Recently a survey was completed by Forbes Health/OnePoll asking 1000 adults questions about New Year’s resolutions. These results were interesting as they were slightly different from similar results conducted about 2023 New Year’s resolutions. In this blog post I would like to go over some of the interesting points.

The first thing that stuck out to me was that 62% of the respondents stated that they actually felt pressured to set a 2024 New Year’s resolution. Women were slightly more likely to feel pressure to set a New Year’s resolution.

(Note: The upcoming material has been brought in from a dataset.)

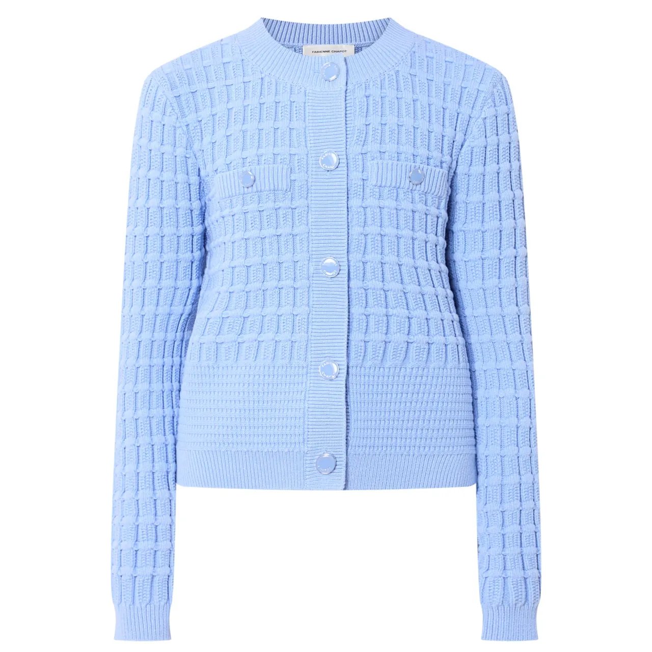 - Textured, long sleeves, crew neckline, button fastenings, ribbed trims

The most popular resolution was to improve physical fitness in 2024. This was a change from the previous year where the most popular resolution was to improve mental health. Still 36% of the respondents had “improve mental health” as a top priority for 2024. Just beating out “improving mental health” was “improving finances”, which clocked in at 38% of respondents. Interestingly, “weight loss” and “improve diet” were separated into individual categories, even though they naturally go hand in hand. 34% of respondents had “weight loss” as a top priority for 2024, whereas 32% cited “weight loss” as a top 2024 New Year’s resolution.

Disappointingly, only 20% of respondents stated that they keep themselves responsible when setting a New Year’s resolution. To me this would indicate that they either don’t feel sure in their ability to stick with whatever resolution that they set, or they are simply not serious about the change in the long term. This contrasts with the percentage of respondents who state that they feel that their New Year’s resolution will have a lasting impact beyond 2024. A whopping 86% of respondents stated that they felt this way. I guess this makes sense. Why start a New Year’s resolution if you don’t think it will make a long-term impact. The fact that accountability is so low indicates a disconnect with what will be required, however. This might give us a clue as to why New Year’s resolutions fail at such an incredibly high rate.

In our Cincinnati and Northern Kentucky weight loss offices we try to discourage setting weight loss goals simply based on the time of year. I think that most people understand that New Year’s resolutions are kind of hokey and the novelty of them naturally leads to their failure. The best time to start any lifestyle change (whether it be to improve your career, stop smoking, lose weight, etc.) is when you are ready. I would encourage anyone who wants to make a change to make that change when they feel ready, not based on the calendar. I think doing so will lead to a lot higher chance for success. At the end of the day, before a resolution can be tackled effectively, one must understand what it will truly take to be successful. Once this understanding is made, the drive for the change must significantly outweigh the potential discomfort in making the changes needed. Only at this point does a person even stand a chance at being successful long term. In my opinion, long term success is the only success that truly matters.